Once more, the four young men thrust themselves first in and then out. But this time the one furthest to the left and thus in the front when they al turn to to their in-and-outs, didn’t roll back out. He froze in mid-thrust. A young man in a white coat with a pad of paper came and examined him, pulling at his clothes and listening to various parts of his body. The conversation with the Mzee and the three remaining young men continued. For some reason that was not translated to us, every now and then, ana apparently in response to the Mzee, the three men made a noise:
“Aaaaaaahh!”, was the fist one. The doctor wrote it down on his pad: “A”.
“EEeeeeeee!”, was the next. He did likewise: “I”
“Duh!”, next, and then “Sssssss!”. The doctor held up his paper on which he had made his diagnosis: “AIDS!”
Wen all this was finished, the same headmaster who was (later) embarrassed by the Kikamba workd for sex, came up to the microphone and explained that (according to our translator) it was now necessary to wear a swimming suit whenever we wanted to go swimming.
Next up, after some more dancing to over-amplified music, a sketch entitled The Great Theif. This one was explained in advance by the headmaster: it was a lesson for those who don’t believe that their behaviour could be putting them at risk.
A man sat on a bench leaning forward on his knees and expounding on some subject. Our translator told us he was supposed to be a politician. I suspect the subject of his discourse was something pious about how his own behaviour was an example to others. Every now and then he would take a break from ranting and slurp from a bottle of Coke that he’d put down next to his bench, then return to the diatribe. While he spoke another man, the same actor who had been the Mzee in the first sketch, would approach the bench from behind, hunkered down on bent legs that made him waddle, still wearing his cap and armed witha drinking straw. He would look about at furtively at the crowd and then dip his straw into the politicians cokebottle, steel a big slurp of soda and then waddle away with a satisfied grin on his face.
The moral of this was also clear, especially since it had been explained beforehand by the MC, and the procedure repeated slightly more times than I thought was absolutely necessary to get the message over. I assumed that these sketches were the overture to a more explicit discussion of sexual behaviour followed by a condom demonstration. Time was pressing on and I wanted to get to Nairobi before dusk (were advised not to travel at night) so, after we were all introduced (and I was asked to say a few words to the crowd, which the headmaster translated), I got Jackson to take me for lunch – a hearty plate-full of beans and cabbage for 10 bob (about 6p) and a big African-style chapati for another 10. After seeing the embarrassment of the headmaster at the word ‘sex’ I wasn’t sure about the condom demo so I asked Jackson if there would be one.

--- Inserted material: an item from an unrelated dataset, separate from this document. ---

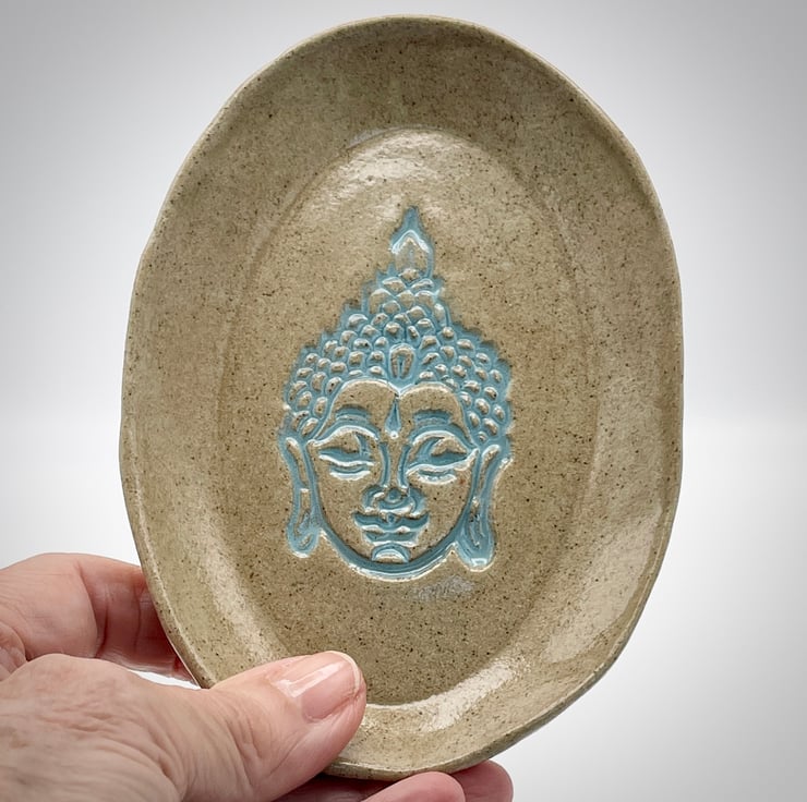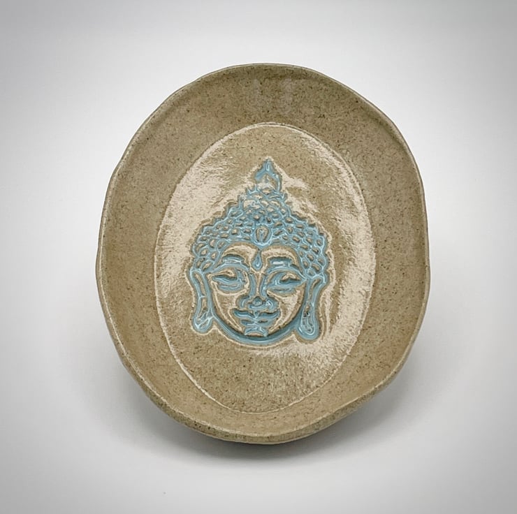 This handcrafted ceramic stoneware dish has been created using the slab-work method and embossed with a Buddha design before it is shaped into a mould. Once dried it has been bisque fired to 1000c, after a gentle sanding it has been hand-painted using a turquoise underglaze with a clear glaze added. After glazing it has had a second firing in the kiln to 1250c.

He said that they had not planned to do one. He was going to speak on Healthy Living and there were a few other speeches planned.
On the way back from lunch I passed by the event once more. The crowd, which had never been large, had dwindled to a few curious children.
I think it must be a hard job that takes a lot of preseverance to make a change for the better out here in the land where everybody goes to church and nobody speaks of sex, though everybody’s doing it.